There are different types of commercial companies that can exist in a member state of OHADA (the organization for the Harmonization of Business in Africa) such as the Democratic Republic of Congo [DRC]. The Uniform Act on Commercial Companies and Economic Interest Groups governs the incorporation and general operation of these companies.
Types of Companies
1. LIMITED LIABILITY COMPANIES
There are two types of limited liability companies: the SA and the SARL. In both, the liability of each shareholder for the company’s debts is limited to the amount of his shareholding.
1.1. Société Anonyme (SA)
The process of incorporating an SA requires the services of notary, who authenticates each step.
First, the founders of the company must publish subscription bulletins. Then at least a quarter of the share capital must be paid before the articles of association can be prepared. If there is to be a public offering the company’s shares, there must first be a Constituent General Meeting (the public offering of shares also affects the number of statutory auditors required as two are needed if there is a public offering whereas only one is needed if there is not).
Once the previous steps have been completed, the company must then be registered at a local RCCM (Registre du Commerce et du Crédit Mobilier). When the company has been registered, a notice must be placed in an appropriate national legal journal or newspaper.
A SA can be managed either by a managing director or by a board of directors. The key determinant as to which form of management is adopted is the number of shareholders the company has; a company with three or more shareholders must have a board of directors. The guidelines for the management of an SA are outlined in the Uniform Act.
The rights possessed by shareholders are reflective of the amount of their shares. Both individuals and corporate bodies can be shareholders in an SA. The Uniform Act allows a quite a large degree of freedom in allowing SA’s to create other types of securities other than shares, namely bonds and hybrid securities.
The decision to increase the share capital of an SA can only be made in a (extraordinary) shareholders’ meeting (and this is the same for any decision to reduce the share capital). The process is quite similar to that of incorporation as at least of quarter of the amount of the shares must be paid following which a notarized statement of subscriptions must be made.
As an SA must have a minimum capital of USD 20,000 (and USD 200,000 of it makes public offerings), any reduction of its share capital cannot result in a capital lower than this amount.
Under the Uniform Act an SA cannot buy its own shares directly or through a third party.
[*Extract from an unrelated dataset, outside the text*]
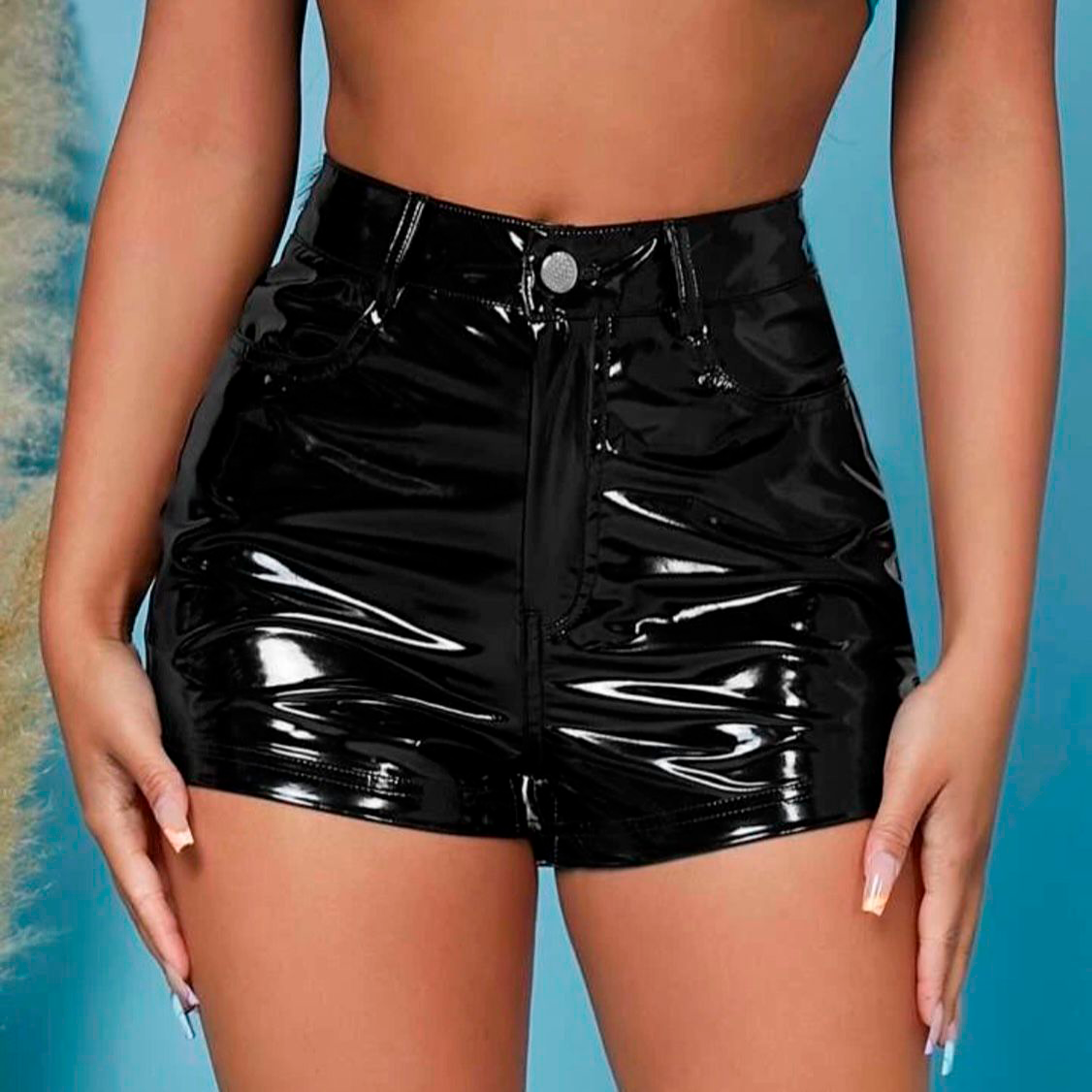 Short corto en charol para mujer con diseño elegante y moderno con cierre delantero botón plateado pasadores en la pretina bolsillos traseros y falsos bolsillos delanteros que crean una silueta limpia y estilizada ideal para outfits casual chic nocturnos eventos especiales combinable con blusas tops y chaquetas

However, there are exceptions to this under the Act including where the shares are attributed to company employees.
1.2. Société á Responsabilité Limitée (SARL)
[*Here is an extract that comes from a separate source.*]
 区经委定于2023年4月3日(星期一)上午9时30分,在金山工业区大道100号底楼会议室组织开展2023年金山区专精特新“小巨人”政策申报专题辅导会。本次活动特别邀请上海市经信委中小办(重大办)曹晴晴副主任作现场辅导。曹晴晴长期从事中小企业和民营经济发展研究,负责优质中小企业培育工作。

The process of incorporating a SARL is similar to that of the SA – the only difference being the minimum share capital amount, which in this case is USD 2,000.
In addition, the minimum value for each share in USD 10.
A SARL is managed by one or more managers (gérants) who are either appointed in the articles of association or at some point during the company’s lifespan.
Like an SA, an SARL can have just one shareholder as it can be created by one or more individual or corporate organization. Shareholders have the right to vote on decisions, the right to dividends and the right to information regarding the company as well as the right to question such information.
Collective decisions are made in annual general meetings –which can be called by shareholders representing at least a quarter of the shares or by a petition made to the court by an individual shareholder – or by written consultations.
Where a SARL’s capital exceeds USD 20,000; its annual turnover is more than USD 50,000; or it has more than 50 permanent employees, the SARL must have at least one statutory auditor.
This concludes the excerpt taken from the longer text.